» REQUIRED ACTION
The entries below hold a line with "近日,线上赌博app-云顶线" and a line with "Andante in B-flat". Return those lines and all that lie between them, exactly and only.

» ENTRIES SHOWN
▼

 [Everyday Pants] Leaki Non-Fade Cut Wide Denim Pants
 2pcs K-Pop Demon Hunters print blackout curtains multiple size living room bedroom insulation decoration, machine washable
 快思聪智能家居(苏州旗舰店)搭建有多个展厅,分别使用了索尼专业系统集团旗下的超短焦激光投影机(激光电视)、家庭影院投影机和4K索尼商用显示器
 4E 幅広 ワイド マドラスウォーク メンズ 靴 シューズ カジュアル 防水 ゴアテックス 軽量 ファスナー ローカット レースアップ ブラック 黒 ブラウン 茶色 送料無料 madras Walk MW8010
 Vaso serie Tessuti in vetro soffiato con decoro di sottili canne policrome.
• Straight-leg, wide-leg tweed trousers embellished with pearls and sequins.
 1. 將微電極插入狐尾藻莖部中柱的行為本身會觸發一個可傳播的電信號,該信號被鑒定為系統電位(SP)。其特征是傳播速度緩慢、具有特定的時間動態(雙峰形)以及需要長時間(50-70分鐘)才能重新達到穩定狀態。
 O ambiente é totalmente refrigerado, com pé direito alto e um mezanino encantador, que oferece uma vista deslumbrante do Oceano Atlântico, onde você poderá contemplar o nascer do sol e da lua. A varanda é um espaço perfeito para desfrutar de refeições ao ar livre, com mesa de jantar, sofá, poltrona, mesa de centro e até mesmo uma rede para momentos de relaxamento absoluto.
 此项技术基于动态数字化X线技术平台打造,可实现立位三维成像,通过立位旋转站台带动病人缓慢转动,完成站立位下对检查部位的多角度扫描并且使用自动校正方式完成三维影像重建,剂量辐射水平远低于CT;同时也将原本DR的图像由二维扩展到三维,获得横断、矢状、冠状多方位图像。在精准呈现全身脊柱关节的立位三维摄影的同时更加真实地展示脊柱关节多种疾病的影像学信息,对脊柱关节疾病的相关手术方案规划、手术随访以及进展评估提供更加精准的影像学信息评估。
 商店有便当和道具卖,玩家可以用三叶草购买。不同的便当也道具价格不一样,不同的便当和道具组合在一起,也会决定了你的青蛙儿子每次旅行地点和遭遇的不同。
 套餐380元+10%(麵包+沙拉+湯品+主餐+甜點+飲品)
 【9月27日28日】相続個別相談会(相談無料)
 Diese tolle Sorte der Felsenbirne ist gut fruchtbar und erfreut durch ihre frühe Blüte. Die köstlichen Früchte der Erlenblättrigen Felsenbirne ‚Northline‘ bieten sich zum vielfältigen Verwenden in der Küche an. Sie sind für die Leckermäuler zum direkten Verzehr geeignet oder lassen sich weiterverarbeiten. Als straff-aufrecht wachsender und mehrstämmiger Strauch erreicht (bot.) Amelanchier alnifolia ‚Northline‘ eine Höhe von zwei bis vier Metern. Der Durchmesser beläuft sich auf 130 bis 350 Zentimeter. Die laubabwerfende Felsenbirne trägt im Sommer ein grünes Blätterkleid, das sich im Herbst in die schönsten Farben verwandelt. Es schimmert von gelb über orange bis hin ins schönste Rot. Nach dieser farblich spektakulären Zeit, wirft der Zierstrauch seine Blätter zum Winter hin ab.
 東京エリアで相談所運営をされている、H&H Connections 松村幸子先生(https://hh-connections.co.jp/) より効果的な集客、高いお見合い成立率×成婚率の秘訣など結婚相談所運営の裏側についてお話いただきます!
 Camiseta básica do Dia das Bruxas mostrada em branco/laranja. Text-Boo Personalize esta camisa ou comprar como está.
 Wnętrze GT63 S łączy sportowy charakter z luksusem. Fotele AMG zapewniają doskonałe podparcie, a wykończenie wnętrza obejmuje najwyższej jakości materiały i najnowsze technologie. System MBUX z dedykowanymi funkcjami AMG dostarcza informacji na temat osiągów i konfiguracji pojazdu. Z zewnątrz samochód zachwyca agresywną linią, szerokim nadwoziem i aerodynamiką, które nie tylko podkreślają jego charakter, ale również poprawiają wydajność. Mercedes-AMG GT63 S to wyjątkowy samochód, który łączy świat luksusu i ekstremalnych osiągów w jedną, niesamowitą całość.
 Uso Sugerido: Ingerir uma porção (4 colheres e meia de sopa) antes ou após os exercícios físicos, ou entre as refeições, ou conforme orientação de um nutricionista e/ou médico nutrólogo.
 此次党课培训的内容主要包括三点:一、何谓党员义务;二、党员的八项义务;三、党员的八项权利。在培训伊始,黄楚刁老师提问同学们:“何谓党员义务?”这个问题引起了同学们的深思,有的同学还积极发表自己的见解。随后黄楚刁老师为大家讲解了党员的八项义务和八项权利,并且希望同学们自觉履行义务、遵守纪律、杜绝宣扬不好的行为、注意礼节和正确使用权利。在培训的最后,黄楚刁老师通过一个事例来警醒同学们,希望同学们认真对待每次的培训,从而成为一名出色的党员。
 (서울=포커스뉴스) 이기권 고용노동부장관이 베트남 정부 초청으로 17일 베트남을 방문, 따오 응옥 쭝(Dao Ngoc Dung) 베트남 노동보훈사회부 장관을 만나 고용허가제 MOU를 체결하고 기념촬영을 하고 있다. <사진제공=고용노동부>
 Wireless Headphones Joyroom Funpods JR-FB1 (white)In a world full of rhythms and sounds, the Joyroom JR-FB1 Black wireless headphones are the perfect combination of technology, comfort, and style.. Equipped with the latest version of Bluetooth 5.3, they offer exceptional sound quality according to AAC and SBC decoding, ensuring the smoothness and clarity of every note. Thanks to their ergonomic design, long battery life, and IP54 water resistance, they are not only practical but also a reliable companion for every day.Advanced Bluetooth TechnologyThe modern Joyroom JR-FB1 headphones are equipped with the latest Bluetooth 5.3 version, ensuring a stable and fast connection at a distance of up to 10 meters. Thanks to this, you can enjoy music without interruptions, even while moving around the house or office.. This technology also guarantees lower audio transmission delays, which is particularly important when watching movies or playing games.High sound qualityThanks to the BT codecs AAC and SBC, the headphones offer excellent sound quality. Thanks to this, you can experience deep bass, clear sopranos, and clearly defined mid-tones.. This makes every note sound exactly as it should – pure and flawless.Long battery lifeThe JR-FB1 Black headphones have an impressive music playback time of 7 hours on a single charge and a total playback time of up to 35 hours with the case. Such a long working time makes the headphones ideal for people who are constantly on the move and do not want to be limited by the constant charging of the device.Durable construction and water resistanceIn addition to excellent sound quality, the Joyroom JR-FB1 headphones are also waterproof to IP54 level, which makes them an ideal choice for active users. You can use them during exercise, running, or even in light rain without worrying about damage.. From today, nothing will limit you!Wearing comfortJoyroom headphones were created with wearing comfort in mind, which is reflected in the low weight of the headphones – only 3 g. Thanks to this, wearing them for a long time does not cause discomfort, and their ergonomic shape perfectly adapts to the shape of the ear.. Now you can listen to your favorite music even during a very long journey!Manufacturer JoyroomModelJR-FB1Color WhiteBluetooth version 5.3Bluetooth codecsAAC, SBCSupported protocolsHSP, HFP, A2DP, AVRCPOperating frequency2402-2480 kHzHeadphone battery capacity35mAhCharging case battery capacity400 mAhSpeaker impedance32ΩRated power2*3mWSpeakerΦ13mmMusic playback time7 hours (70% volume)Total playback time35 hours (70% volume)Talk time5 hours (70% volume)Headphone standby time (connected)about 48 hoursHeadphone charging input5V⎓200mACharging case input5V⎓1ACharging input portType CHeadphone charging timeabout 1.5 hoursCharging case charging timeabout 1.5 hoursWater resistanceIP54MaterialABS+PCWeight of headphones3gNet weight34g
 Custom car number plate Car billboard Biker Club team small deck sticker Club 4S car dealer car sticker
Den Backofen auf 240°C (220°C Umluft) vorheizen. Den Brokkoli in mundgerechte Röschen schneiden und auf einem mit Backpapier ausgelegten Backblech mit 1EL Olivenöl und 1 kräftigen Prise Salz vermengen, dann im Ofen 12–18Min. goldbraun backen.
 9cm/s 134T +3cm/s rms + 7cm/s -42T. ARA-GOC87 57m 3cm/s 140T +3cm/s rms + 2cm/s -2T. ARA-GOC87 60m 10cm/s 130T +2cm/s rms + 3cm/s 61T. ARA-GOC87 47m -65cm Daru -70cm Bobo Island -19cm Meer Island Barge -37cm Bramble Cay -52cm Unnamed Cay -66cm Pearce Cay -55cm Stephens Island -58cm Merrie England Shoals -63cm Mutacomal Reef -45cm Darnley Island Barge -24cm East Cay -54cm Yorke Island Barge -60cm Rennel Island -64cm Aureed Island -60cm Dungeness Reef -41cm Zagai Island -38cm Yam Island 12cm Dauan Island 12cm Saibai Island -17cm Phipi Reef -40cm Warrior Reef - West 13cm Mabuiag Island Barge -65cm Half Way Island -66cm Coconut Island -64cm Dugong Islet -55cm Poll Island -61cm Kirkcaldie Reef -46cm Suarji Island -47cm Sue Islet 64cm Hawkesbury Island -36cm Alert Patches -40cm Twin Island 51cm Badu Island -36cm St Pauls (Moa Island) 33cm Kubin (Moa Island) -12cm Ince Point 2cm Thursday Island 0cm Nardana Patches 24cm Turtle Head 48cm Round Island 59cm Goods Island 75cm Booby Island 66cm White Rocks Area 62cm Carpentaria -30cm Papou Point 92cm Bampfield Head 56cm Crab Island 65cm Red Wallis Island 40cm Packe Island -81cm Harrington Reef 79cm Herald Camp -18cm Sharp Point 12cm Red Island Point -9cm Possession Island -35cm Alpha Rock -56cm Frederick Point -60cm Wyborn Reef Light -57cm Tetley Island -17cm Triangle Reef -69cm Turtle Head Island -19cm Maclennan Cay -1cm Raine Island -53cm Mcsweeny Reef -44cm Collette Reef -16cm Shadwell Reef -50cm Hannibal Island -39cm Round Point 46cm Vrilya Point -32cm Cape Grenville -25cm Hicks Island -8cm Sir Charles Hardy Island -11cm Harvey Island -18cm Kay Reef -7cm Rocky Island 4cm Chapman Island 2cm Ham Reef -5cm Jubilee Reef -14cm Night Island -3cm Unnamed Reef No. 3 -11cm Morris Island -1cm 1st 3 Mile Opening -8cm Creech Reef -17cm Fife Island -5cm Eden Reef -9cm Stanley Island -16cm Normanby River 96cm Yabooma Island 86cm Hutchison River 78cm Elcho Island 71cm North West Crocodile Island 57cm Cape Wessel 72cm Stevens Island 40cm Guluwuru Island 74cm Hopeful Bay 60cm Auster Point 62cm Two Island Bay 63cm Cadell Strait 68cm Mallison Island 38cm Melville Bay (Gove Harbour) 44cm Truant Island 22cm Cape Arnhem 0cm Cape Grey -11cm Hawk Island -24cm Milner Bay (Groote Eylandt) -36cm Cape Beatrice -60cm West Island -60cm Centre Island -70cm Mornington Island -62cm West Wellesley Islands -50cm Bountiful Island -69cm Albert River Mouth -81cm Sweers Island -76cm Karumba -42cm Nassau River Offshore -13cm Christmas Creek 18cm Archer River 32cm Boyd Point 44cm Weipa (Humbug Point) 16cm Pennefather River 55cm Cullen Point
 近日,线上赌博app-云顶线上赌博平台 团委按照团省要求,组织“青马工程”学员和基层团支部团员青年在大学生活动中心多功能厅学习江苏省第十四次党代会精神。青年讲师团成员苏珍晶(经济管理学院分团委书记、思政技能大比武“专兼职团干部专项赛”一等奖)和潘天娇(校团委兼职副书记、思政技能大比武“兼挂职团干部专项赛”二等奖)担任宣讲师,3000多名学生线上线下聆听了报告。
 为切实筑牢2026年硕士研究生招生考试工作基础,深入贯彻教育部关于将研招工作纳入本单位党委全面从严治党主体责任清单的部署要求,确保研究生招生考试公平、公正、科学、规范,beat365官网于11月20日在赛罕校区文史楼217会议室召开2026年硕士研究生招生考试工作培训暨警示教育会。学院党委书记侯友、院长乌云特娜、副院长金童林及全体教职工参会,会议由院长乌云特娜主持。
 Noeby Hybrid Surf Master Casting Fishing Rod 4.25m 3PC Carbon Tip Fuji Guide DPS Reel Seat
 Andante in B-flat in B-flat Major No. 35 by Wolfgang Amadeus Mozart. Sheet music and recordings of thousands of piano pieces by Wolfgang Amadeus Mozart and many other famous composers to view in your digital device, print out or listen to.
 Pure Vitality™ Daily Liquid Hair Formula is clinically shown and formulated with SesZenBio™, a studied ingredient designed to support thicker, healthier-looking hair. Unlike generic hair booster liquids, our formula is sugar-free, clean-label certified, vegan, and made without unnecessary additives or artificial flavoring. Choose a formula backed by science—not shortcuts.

▲

» REPLY
 近日,线上赌博app-云顶线上赌博平台 团委按照团省要求,组织“青马工程”学员和基层团支部团员青年在大学生活动中心多功能厅学习江苏省第十四次党代会精神。青年讲师团成员苏珍晶(经济管理学院分团委书记、思政技能大比武“专兼职团干部专项赛”一等奖)和潘天娇(校团委兼职副书记、思政技能大比武“兼挂职团干部专项赛”二等奖)担任宣讲师,3000多名学生线上线下聆听了报告。
 为切实筑牢2026年硕士研究生招生考试工作基础,深入贯彻教育部关于将研招工作纳入本单位党委全面从严治党主体责任清单的部署要求,确保研究生招生考试公平、公正、科学、规范,beat365官网于11月20日在赛罕校区文史楼217会议室召开2026年硕士研究生招生考试工作培训暨警示教育会。学院党委书记侯友、院长乌云特娜、副院长金童林及全体教职工参会,会议由院长乌云特娜主持。
 Noeby Hybrid Surf Master Casting Fishing Rod 4.25m 3PC Carbon Tip Fuji Guide DPS Reel Seat
 Andante in B-flat in B-flat Major No. 35 by Wolfgang Amadeus Mozart. Sheet music and recordings of thousands of piano pieces by Wolfgang Amadeus Mozart and many other famous composers to view in your digital device, print out or listen to.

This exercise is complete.